Japan picture

                Japan reported a 2.3% contraction in its economy during the fourth quarter.  This comes as the third contraction in the last four quarters, a worrisome sign for its economy and chances for a double dip.   Floods in Thailand hurt production and a strong yen are the main sources for its GDP miss.  Exports were down 3.1% on a stronger yen as governments around the world were unwilling to pay a higher premium for goods.

The Bank of Japan concludes a two day meeting on Tuesday to decide what monetary easing policies should be used to help save Japan’s delicate economic state.  Bank of Japan Governor, Masaaki Shirakawa commented that Japan’s economy was in a “severe state”.

Analysts were expecting only a contraction of 1.3% but Japan reported a 2.3% contraction.  However, the report exposed many other unflattering numbers.  Private inventories fell 0.3%, public investment was down 9.5%, the yen hit its highest level since the end of World War 2, and 2011 was Japan’s first trade deficit in 31 years.  These are all very awful signs that could be pointing towards a double dip recession.  Japan is having a hard time recovering from the tragic earthquake back in 2011 and it is certainly taking its toll on the economy.

Executives from Toyota and Nissan say that it is near impossible to export cars and make money at this exchange rate.  The carmakers express that tough times may be ahead as they cut forecasts and earnings projections.

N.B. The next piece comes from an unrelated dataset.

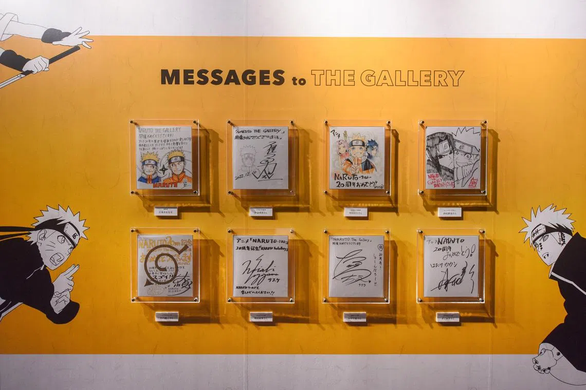 At the entrance of the exhibition, visitors are greeted by framed messages from those involved in the anime and manga’s production, including author Masashi Kishimoto and Junko Takeuchi, who voices Naruto.

However, there are signs that the worst may be over and Japan could be starting off a recovery.  For one thing, analysts see full year 2012 GDP coming in at 1.7% on a stronger US economy and getting its act together by easing its currency and making exports cheaper.  Another good sign is machine orders were up 10% in October to December, making analysts believe Japan could be returning to industrial production levels prior to the earthquake.  Analysts believe a rise in investment could help boost the economy in the coming year.

If you are a contrarian investor, then Japan may be the investment for you.  Clearly times are tough but if the analysts prove to be right, you could be sitting on a gold mine.  Conversely, if the Bank of Japan fails to keep the economy in check and ease its currency then this recovery scenario could prove to be just a bunch of high hopes.